Não importa se o mundo não te conhece ou se nunca vai te conhecer amados, pois “DEUS” te conhece e tuas atitudes não passam despercebidas diante dele e podem ter certeza, antes ele veja suas atitudes que o mundo... Pois o mundo não te fará ganhar a “DEUS”, mas este, te fara conquistar o mundo, pois no passado, só dois dos Apóstolos eram homens bem instruídos diante do mundo, ou seja, nos conhecimentos seculares; o Apóstolo Paulo, que era um homem letrado e o Apóstolo Lucas, que era médico, mas o restante, eram simples pescadores, mas para “DEUS”, eram instrumentos de conhecimento e fomentaram mudanças profundas no seio daquele povo, pois “Cristo” os ensinou e o “Espirito Santo” lhes deu o que era necessário para que eles fossem agentes de mudanças naquela sociedade.... conf. Atos 22:3; 1 Cor. 14:18; Col. 4:14!

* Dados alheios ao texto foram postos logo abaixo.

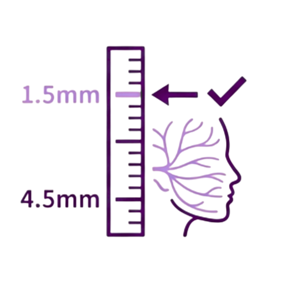 | Sofcool™ 統合冷却システム 表皮を保護しながら 高エネルギーを照射が可能 熱傷リスクを最小化 | 神経損傷リスク なし 1.5mm深度は主要な 顔面神経枝よりも浅い層 引用研究において 神経麻痺の報告例ゼロ※ | 疼痛スコア ダウンタイム 疼痛スコア 平均 3.9-6.6(10段階) 表面麻酔とクーリングで 管理可能 ダウンタイムなし |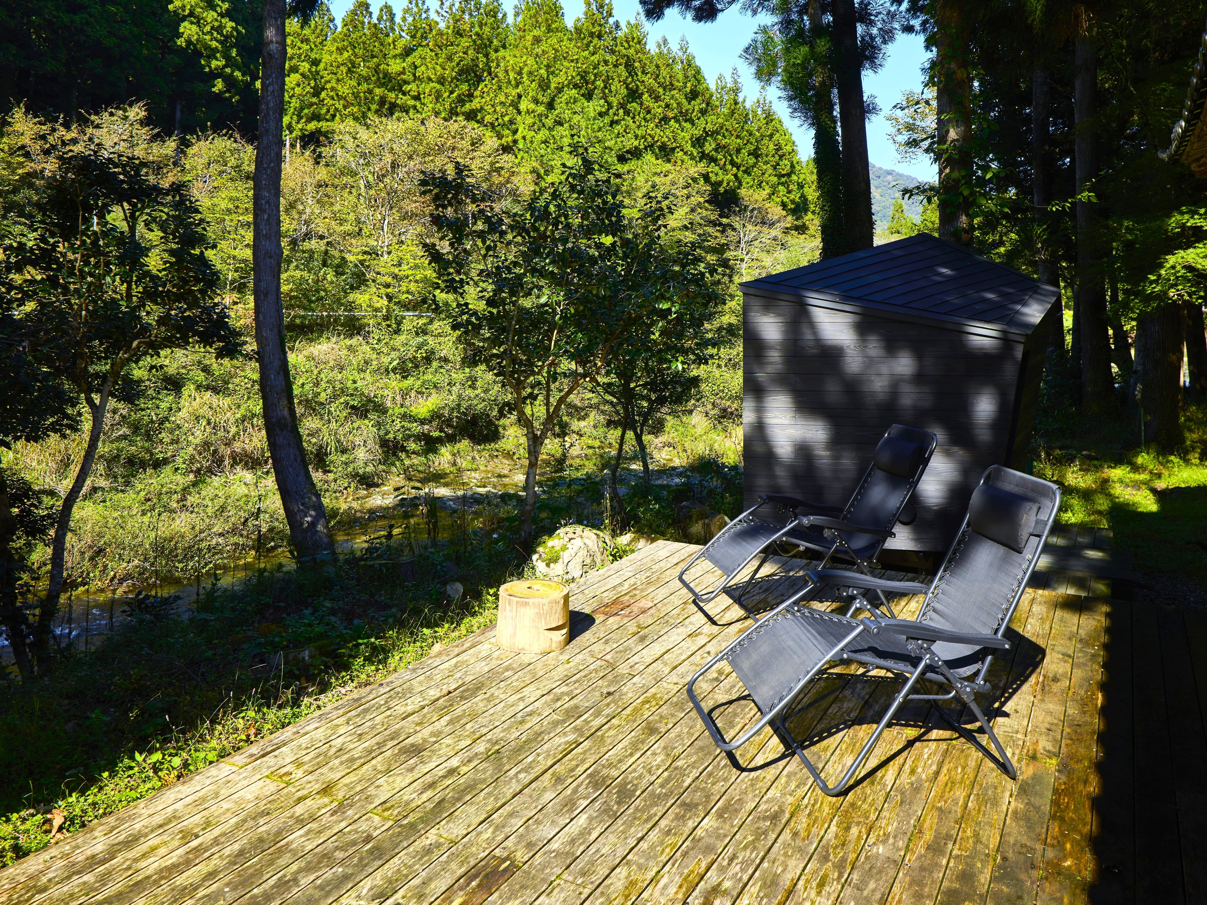 屋外には大杉谷川を望むウッドデッキが広がり、川の流れや風の音、鳥の声を聞きながら穏やかな時間を過ごすことができます。「下里」専用のプライベートサウナも併設し、自然と一体になるような滞在を楽しむことができます。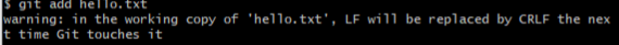 warning: in the working copy of 'hello.txt', LF will be replaced by CRLF the next time Git touches it

E neste contexto é importante que sejamos prudentes, coerentes e corajosos diante de quaisquer que sejam os obstáculos, pois “o mundo não é para os fracos”, como nos diz o Dr. Pedro Calabrez, e eu digo mais: “o mundo não é para os fracos e nele, só os fortes sobrevivem”... E como já nos dizia a Ministra do Evangelho, Joyce Meyer: “Sua altitude, depende de suas atitudes”...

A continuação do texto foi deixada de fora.